Commodities investor Rick Rule believes he has spotted a tantalising opportunity. Thanks to environmental, social and governance (ESG) policies, a growing number of established banks are pulling back from financing oil and gas explorers, leaving an opening for new lenders.

Rick Rule

“It didn’t occur to me in my wildest dreams that I could compete in the sector, given the fact that on a global basis, [energy finance is] the province of the largest multinational banks, organisations and investors on the planet,” says Mr Rule. 

One way he is taking advantage of this opportunity is by teaming up with banker Frank Trotter to co-found Battle Bank. The bank, which is expected to be operational around the second quarter of this year, will offer high-yield chequing accounts, precious metals dealing, multi-currency accounts and various investment products. It will also look at providing bespoke financing for extractive industries. 

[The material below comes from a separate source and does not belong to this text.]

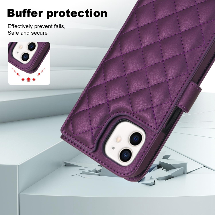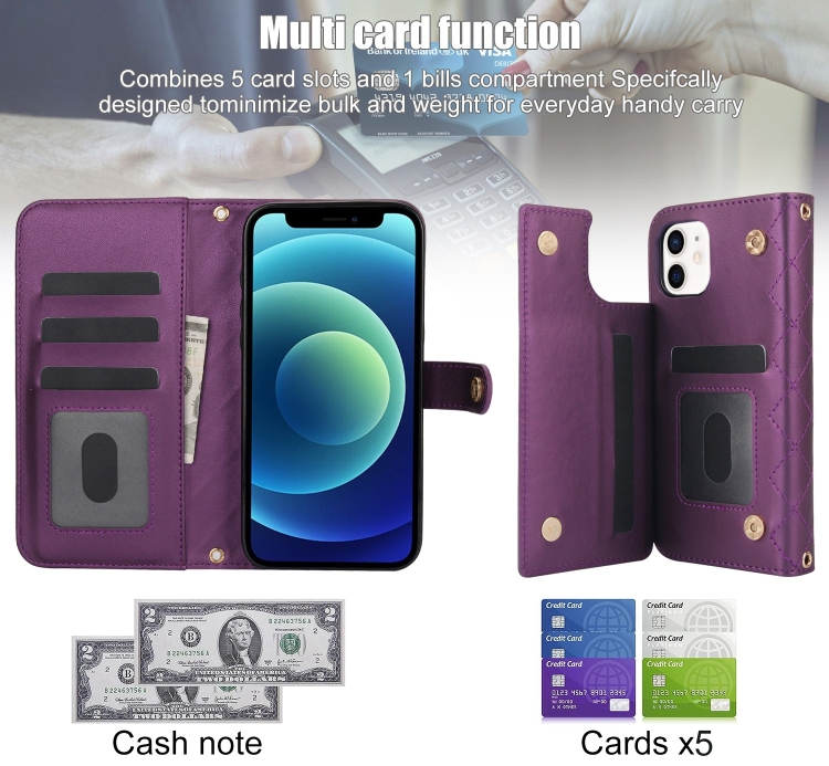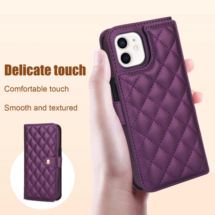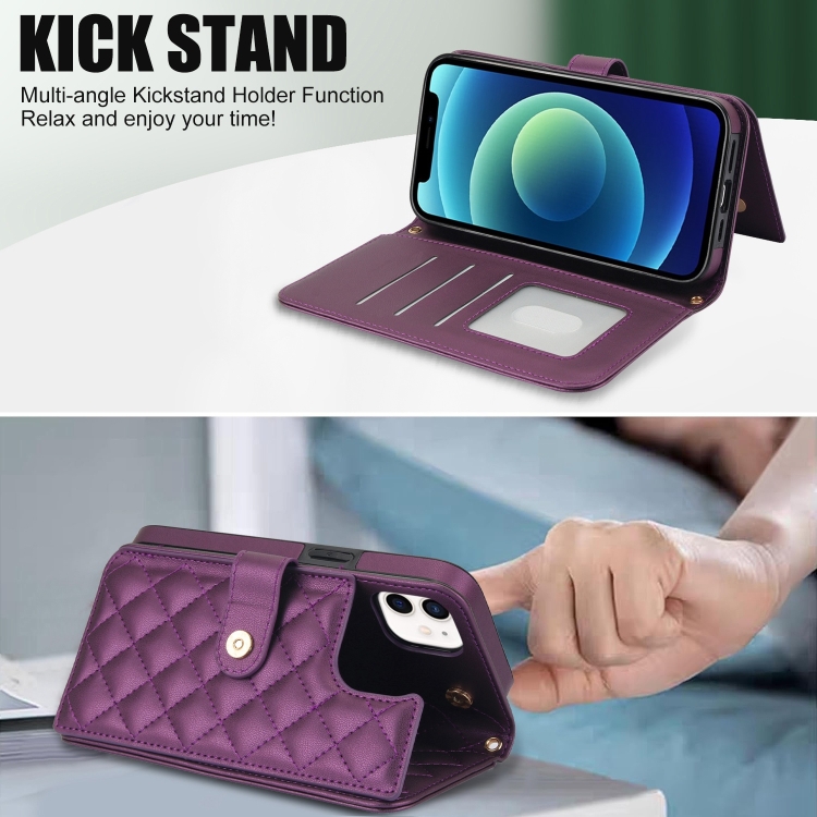 Estuche para Teléfono iPhone 11 Cuero Rómbico Multifunción Cruzado (Púrpura Oscuro)
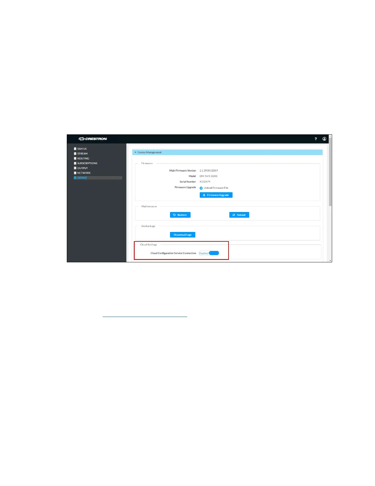 Configure the connection to the Crestron XiO Cloud service on the Device page. In the

“We’re looking at some of the fossil fuel items … We have the sophistication in somebody like Rick to be able to identify some opportunities and see if we can get a higher risk adjusted rate of return,” says Mr Trotter. “We’ll look at projects across a wide array of areas. But there’s no formal decision at this point about where the money is going.” 

Frank Trotter

Meanwhile, policy-makers are making a concerted effort to steer the financial sector away from supporting fossil fuel producers. They are concerned that carbon emissions from fossil fuels are causing global temperatures to rise, which could threaten ecosystems in parts of the planet. The EU, for example, drafted a green taxonomy designed to gradually choke off financial support for fossil fuels.

Banks with big fossil fuel exposures face activism from institutional investors, environmentalists and also from prudential regulators who are edging towards imposing higher capital charges. Prudential regulators are concerned that banks could end up exposed to stranded fossil fuel assets that cannot support the financial claims against them. They also worry that climate change could hit other parts of their loan portfolios. 

A worrying portent 

Monsur Hussain, senior director, financial institutions, Europe, the Middle East and Africa at Fitch Ratings, highlights that the Netherlands is providing a taste of what could be awaiting the oil and gas sector. The Dutch government wants farms emitting the most ammonia and nitrogen oxide to drastically cut their emissions or sell their properties to the state. “Certain agricultural sectors are revisiting the economics of their business models, which in turn directly affects bank impairments in those sectors,” he says.  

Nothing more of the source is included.